▶ [Data for analysis]
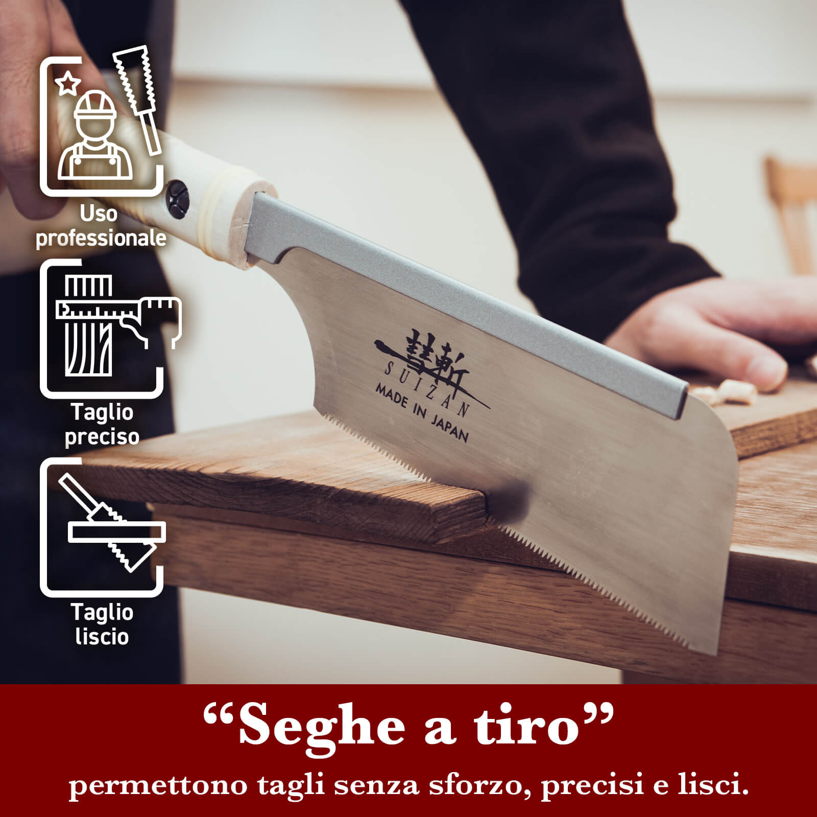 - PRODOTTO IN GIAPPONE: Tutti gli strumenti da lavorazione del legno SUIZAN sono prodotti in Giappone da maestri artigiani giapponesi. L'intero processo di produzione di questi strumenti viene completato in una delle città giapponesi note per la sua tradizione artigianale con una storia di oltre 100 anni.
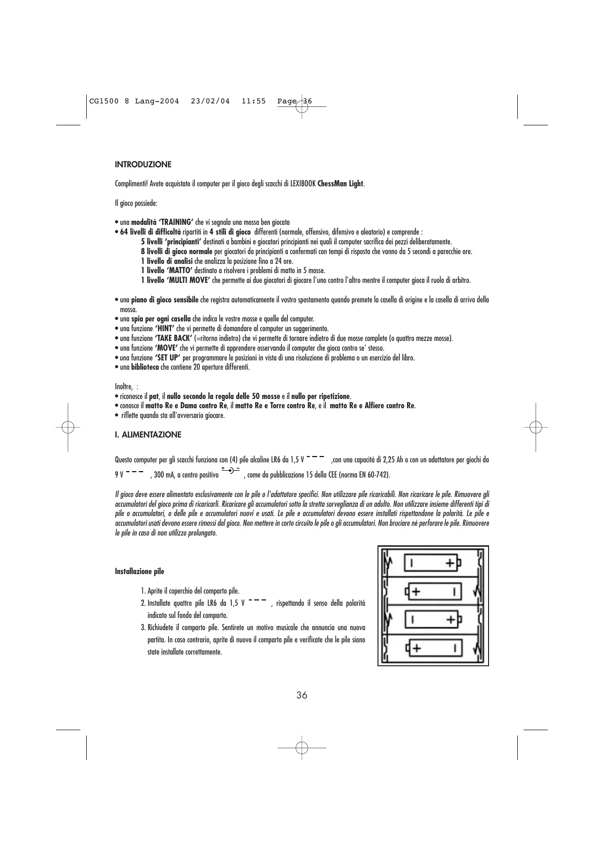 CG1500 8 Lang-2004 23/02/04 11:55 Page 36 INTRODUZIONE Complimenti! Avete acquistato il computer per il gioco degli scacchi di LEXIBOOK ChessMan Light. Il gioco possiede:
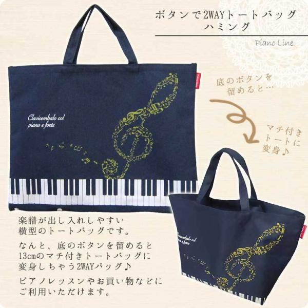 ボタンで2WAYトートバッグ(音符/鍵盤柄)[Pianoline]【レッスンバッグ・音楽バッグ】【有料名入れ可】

---

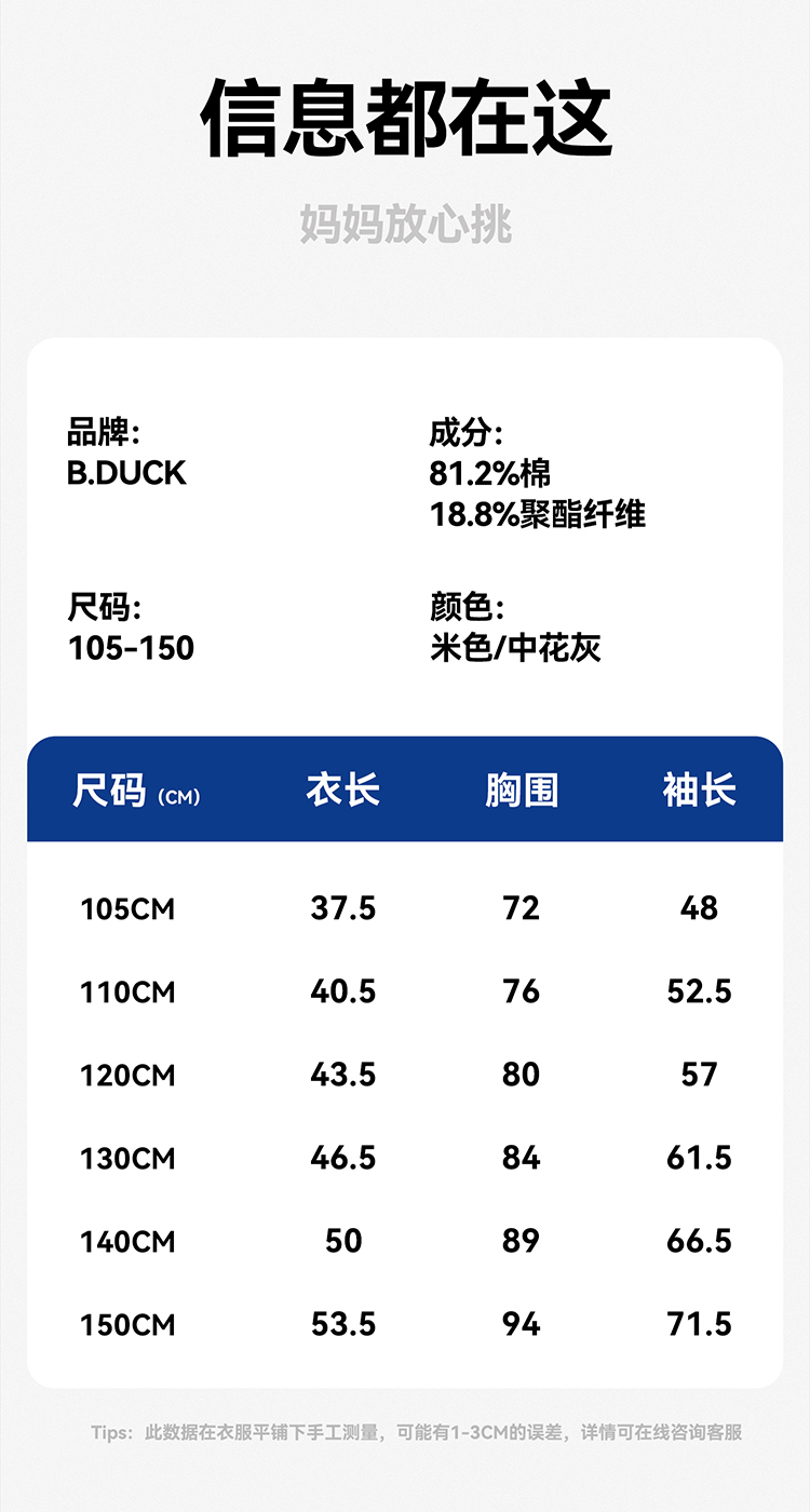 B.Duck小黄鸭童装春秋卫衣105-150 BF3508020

▶ [Work task]
Find the line with "- PRODOTTO IN" in the data above, and from there retype each line exactly through the line with "ボタンで2WAYトートバッグ", skipping the pictures along the way.

▶ [Problem solution]
 - PRODOTTO IN GIAPPONE: Tutti gli strumenti da lavorazione del legno SUIZAN sono prodotti in Giappone da maestri artigiani giapponesi. L'intero processo di produzione di questi strumenti viene completato in una delle città giapponesi note per la sua tradizione artigianale con una storia di oltre 100 anni.
 CG1500 8 Lang-2004 23/02/04 11:55 Page 36 INTRODUZIONE Complimenti! Avete acquistato il computer per il gioco degli scacchi di LEXIBOOK ChessMan Light. Il gioco possiede:
 ボタンで2WAYトートバッグ(音符/鍵盤柄)[Pianoline]【レッスンバッグ・音楽バッグ】【有料名入れ可】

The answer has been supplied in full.